Introduction to Information Retrieval

Source: Internet
Author: User

Books watercress link: http://book.douban.com/subject/5252170/

Chapter 2 Boolean search

---------------------

1.1 An example of Information Retrieval

1.2 initial experience of constructing inverted Indexes

1.3 processing of Boolean queries

1.4 extended Boolean search model and ordered search

---------------------

Information retrieval is a collection of large-scale unstructured data (usually text) (usually stored on computers) to find information that meets user information requirements (usually documents). Unstructured data refers to data without clear and explicit semantic structures, which is not easy for computers to process. Typical "Structured Data" relational database. Text data is considered as "semi-structured data" (semistructured)
Data ).

Given a document set, clustering is a task of automatic clustering based on the document content without topic guidance in advance, while classification defines the topic in advance.

The data processed by information retrieval can be divided into large-scale (such as Web search), small-scale (such as personal information search), and medium-scale (such as search for enterprises, institutions, and specific fields ).

Linear scanning (grepping) is the simplest, but it cannot meet the needs of quick searches for large-scale documents, flexible matching methods, and sorting of results. Therefore, one method is to create an index in advance to obtain the word item-document association matrix (incidence matrix) consisting of Boolean values ):


Evaluate the search results:

Precision: percentage of documents that are true and information requirements in the returned results.

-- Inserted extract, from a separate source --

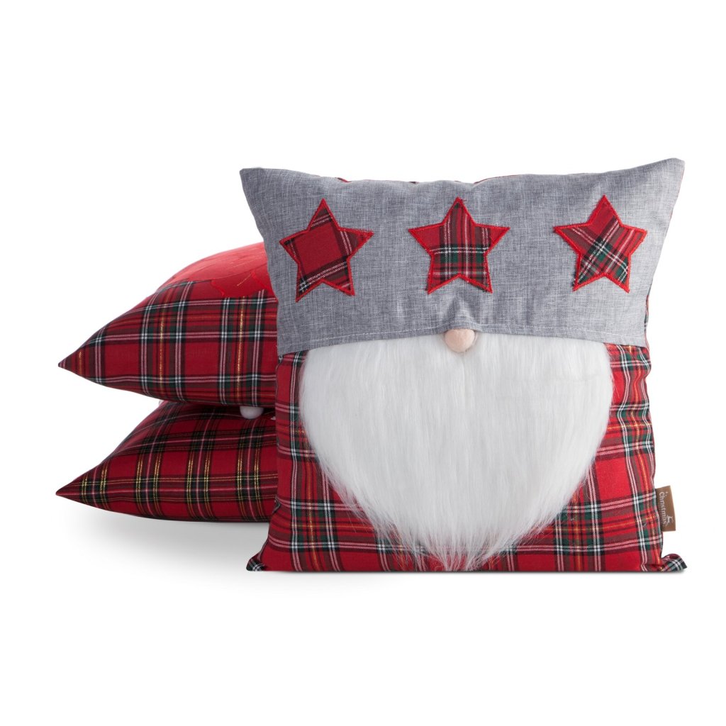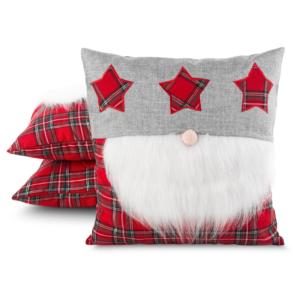 Vánoční dekorační povlak na polštář o rozměrech 45 × 45 cm dodá interiéru ve svátečních dnech šarm a radost. Barva: červená se vzorem skřítků a hvězdiček. Je vyroben ze 100% polyesteru o gramáži 150 GSM, díky čemuž je lehký a příjemný. Přední stranu zdobí aplikace skřítka, zatímco jeho bílá brada z měkkého kožešinového materiálu vytváří atraktivní 3D efekt. Skrytý zip umístěný na boku zajišťuje snadné používání a elegantní vzhled.Doplňkové parametry

Recall rate (recall): Percentage returned by the retrieval system in all documents that are really related to information requirements.

Word term-the document association matrix is a sparse matrix, which occupies a large amount of space. Therefore, use the inverted index (inverted index ):


Procedure for creating an index:

1. Collect documents; 2. tokenization; 3. Linguistic preprocessing, produce normalized entries as word items; 4. Create inverted indexes for all documents based on word items



Both the dictionary and inverted record tables have storage costs. The class uses singly linked list and variable length array ).

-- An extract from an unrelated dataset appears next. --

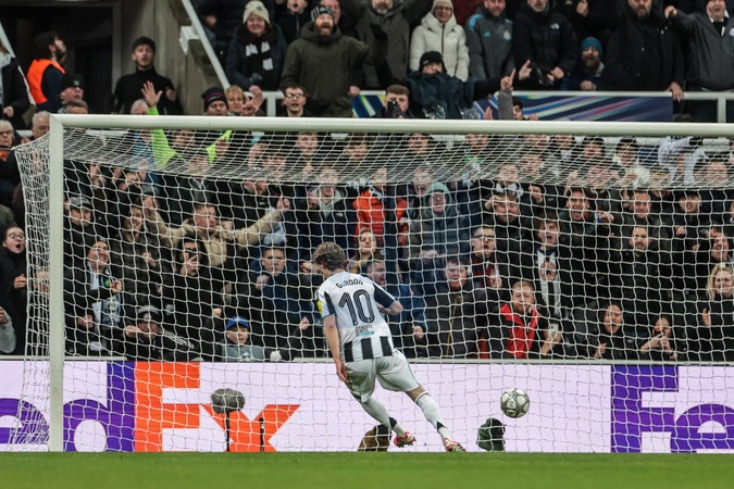 Anthony Gordon of Newcastle Untied scores to make it 2-0 during the UEFA Champions League Matchday 7 of 8 Newcastle United v PSV Eindhovenn at St. James's Park, Newcastle, United Kingdom, 21st January 2026, Credit:Mark Cosgrove/News Images / Avalon

Boolean query uses the merge algorithm (merge algorithm) to calculate the intersection of the inverted record table. The merge here refers to the operation, which is different from the merge sort in the sort algorithm.

Process word items in ascending order of Document Frequency for query optimization


Related Article

Contact Us

The content source of this page is from Internet, which doesn't represent Alibaba Cloud's opinion; products and services mentioned on that page don't have any relationship with Alibaba Cloud. If the content of the page makes you feel confusing, please write us an email, we will handle the problem within 5 days after receiving your email.

If you find any instances of plagiarism from the community, please send an email to: info-contact@alibabacloud.com and provide relevant evidence. A staff member will contact you within 5 working days.

A Free Trial That Lets You Build Big!

Start building with 50+ products and up to 12 months usage for Elastic Compute Service

  • Sales Support

    1 on 1 presale consultation

  • After-Sales Support

    24/7 Technical Support 6 Free Tickets per Quarter Faster Response

  • Alibaba Cloud offers highly flexible support services tailored to meet your exact needs.